Critics of streaming media point out that popular music tends to sound more and more similar, as artists optimize their music for these platforms. The algorithms that curate our social media feeds rarely promote the best or the most interesting music — rather, they promote the most similar music. Counter-critics point out that even if the mainstream is homogenizing, streaming platforms also enable countless subgenres of more obscure music to flourish in the fringes of the mainstream. Both are correct, but both also miss a more important issue. As media on the fringe and in the mainstream is increasingly optimized, curated, and discovered by algorithms, we devalue the human role in all these aspects of music creation and consumption. Isn’t making, discovering, and listening to music as a human the only true value of music?

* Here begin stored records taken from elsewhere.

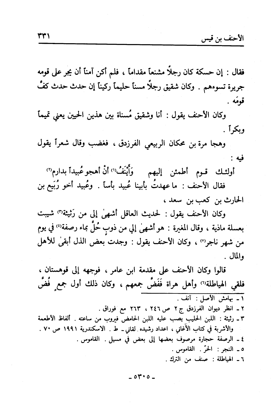 فقال الأحنف: ما عهدتُ بأبينا عُبيد بأسًا. وعُبيد أخو رُبَيع بْن الْحَارِث بْن كعب بْن سعد، وكان الأحنف يقول: لحديث العاقل أشهى إِلَى من رَثيئة [3] شيبت بعسلة ماذية، وقال المغيرة: هو هُوَ أشهى إلي من ذوبٍ حُلَّ بماء رصفة [4] فِي يوم من شهر ناجر [5] ، وكان الأحنف يقول: وجدت بعض الذل أبقى للأهل والمال.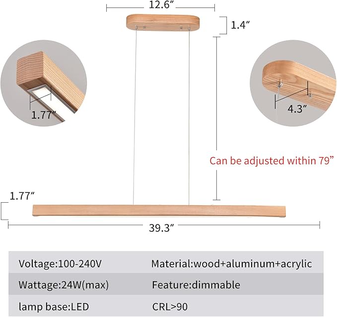 - 【Dimensions】This LED pendant kitchen island lights size:39"(L)*1.7"(W)*1.7"(H)The mounting part:12.6 x 4.3 x 1.4 inches(l*w*h) Compatible with standard junction boxes.Includes mounting hardware for vaulted,sloped ceilings.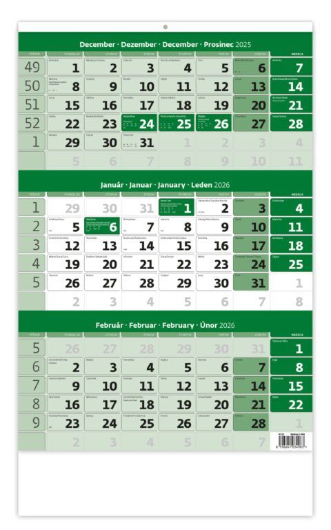 Kalendárium: slovenské trojmesačné so sviatkami európskych štátov (CZ / SK / A / B / D / F / H / CH / I / PL / RUS / UKR)

There are many ways that music in this new century can achieve the kind of paradigm shift that was made possible by magnetic tape in the last one. Will the time come soon when we will look back on the 21st century and identify the Sgt. Pepper’s, Chuck Berry, or Luciano Berio of the Internet age? With luck, it could still be the artists, not the platforms, that best illustrate how a new art form emerges. When this happens, will the new art form – vastly collaborative, grown from our minds and from our surroundings, partly conscious and partly mystifying, made of signals as much as from strings – approach the provocative power of Glenn Gould’s final vision from 1966:
“In the best of all possible worlds, art would be unnecessary. Its offer of restorative, placative therapy would go begging a patient. The professional specialization involved in its making would be presumption. The generalities of its applicability would be an affront. The audience would be the artist and their life would be art.”
Charles Holbrow is a Ph.D. Candidate in the Opera of the Future group at the MIT Media Lab, where he designs and builds next-generation connected music technologies.